One of the challenges with the system is that the process requires electrical stimulation, which is something not all athletes are comfortable with. However, with the growing use of EMS products, most elite athletes will find this requirement a non-issue. Several noted coaches and high-level consultants endorse the system, and Hakan Andersson and other national team coaches use it extensively.
Kubios Open Source Software: This last Finnish company we mention is a research solution for sport scientists. Team sport does not typically use Kubios because the user experience is not optimized for workflow. You can use Kubios with any Windows machine, and it offers online videos and a user manual for those looking to take samples of heart rate data to the next level. While staff who are trained and knowledgeable about the biological components of the heartbeat in detail can use this software in team environments, it’s not user-friendly or optimized for team environments.
Kubios has no proprietary “black box” metrics and is free to use for any health- or sport-related endeavor. Users must have their own hardware, such as lab grade heart rate monitors or similar. The software is over a decade old, and is internationally recognized as a valid tool in heart rate variability assessment.
Strive Tech: This Seattle-based company is rapidly growing in the athletic and military markets as a unique, multi-faceted monitoring system that integrates three systems in one. Founded around the idea that comfort leads to compliance and compliance allows for consistent data collection, Strive features smart compression clothing embedded with EMG sensors as well as measuring motion via GPS, accelerometer, magnetometer, and 3-Axis gyroscope.
The solution integrates the measurements in a cloud-based software that provides actionable insights and reporting via an app, web-based portal, and API. Strive is currently being used in the NCAA and NFL with use cases across all areas of performance including enhancing return-to-play protocols, injury prevention, athlete profile development, training load management, and peak performance.
As mentioned earlier, the assessment of athletes requires a repeatable protocol; something reliable enough to give confidence that it will be sustainable over the course of a season. Some teams have elected to use a mixed environment of multiple systems, giving their athletes choices as to what they prefer and then pushing the data into an AMS system to show trends. None of the data is interchangeable, so you must interpret each system separately.
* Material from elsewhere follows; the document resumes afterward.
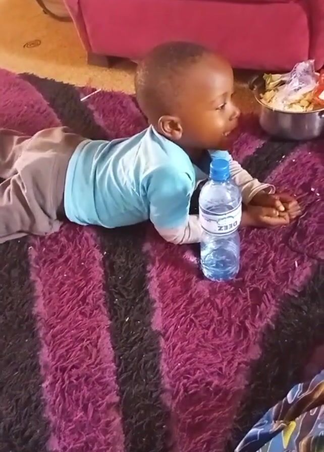 A young child is lying prone on a purple and black rug in an indoor setting. The child is wearing a light blue shirt and grey pants. A bottle of water with a blue cap is lying beside the child. There is a metal bowl filled with contents near the upper right of the frame. A red sofa is in the background. The child looks around and utters a word that sounds like "guy."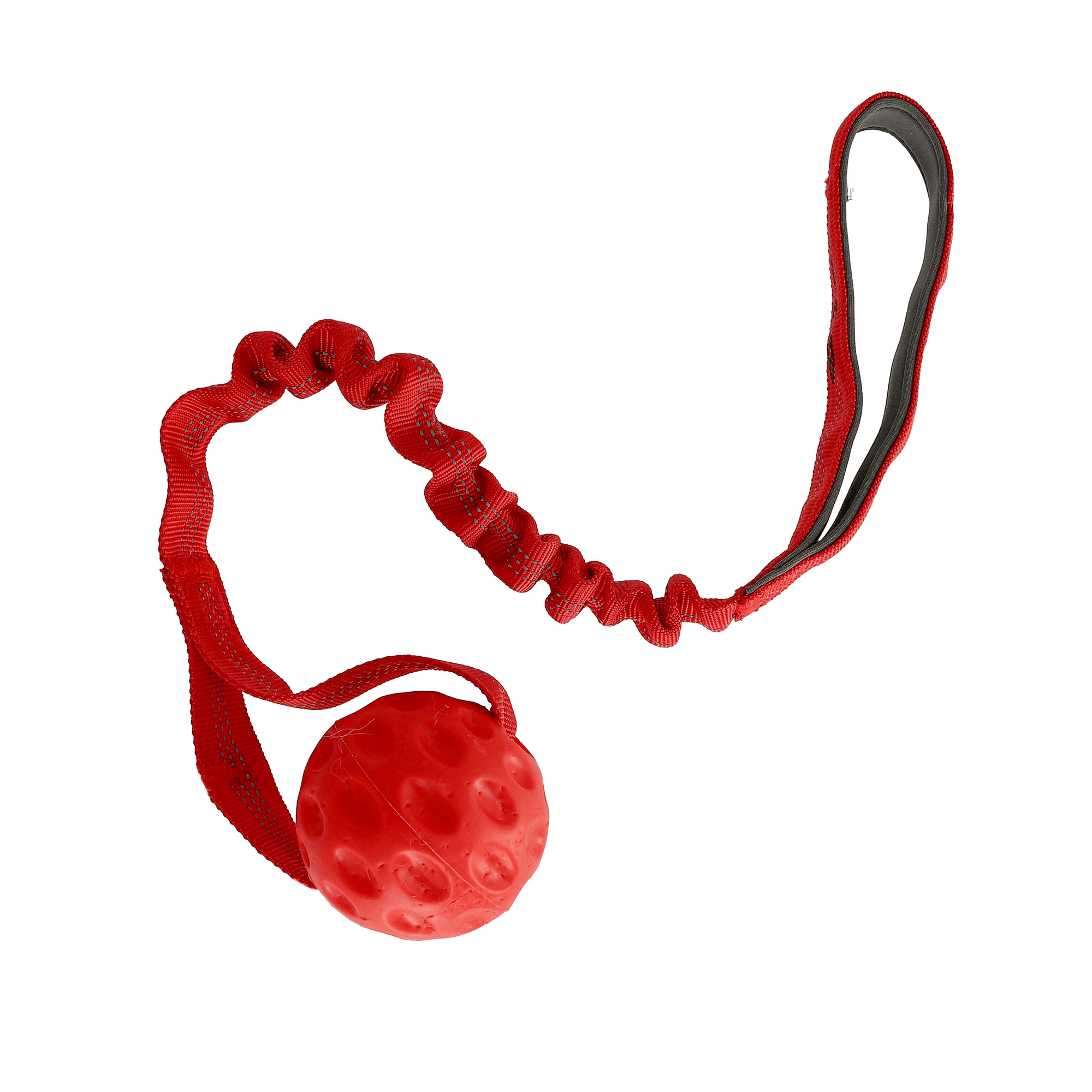 Puppy Bungee hard ball er et robust og holdbart hvalpelegetøj til stærkere hvalpe, der elsker at bide, tygge og trække. Bolden har en struktureret overflade, som gør den nem for hvalpen at gribe, og sammen med den elastiske del og det polstrede håndtag er den let at kaste og bruge i trækkeleg. Perfekt til hvalpe, der elsker fart, jagtlege, tygning og trækkeleg!

Choosing the Right System for Your Team or Training
Every system has pros and cons, along with different price points. Therefore, you should buy based on consistency of use, and not on power or potential. Some systems are designed for daily use, while some systems can be used a few times a week and still be very effective. Nearly every program has team software, but just about every system can also export the data and upload it to an AMS system.
Buy a physiological monitoring system based on consistency of use, not on power or potential. Share on XMonitoring should complement the decision-making involved in training programs and not replace the coach, as interpretation is everything. Monitoring athletes is now a staple in team training, and this guide should be enough to enable you to make the right choice in picking the right system.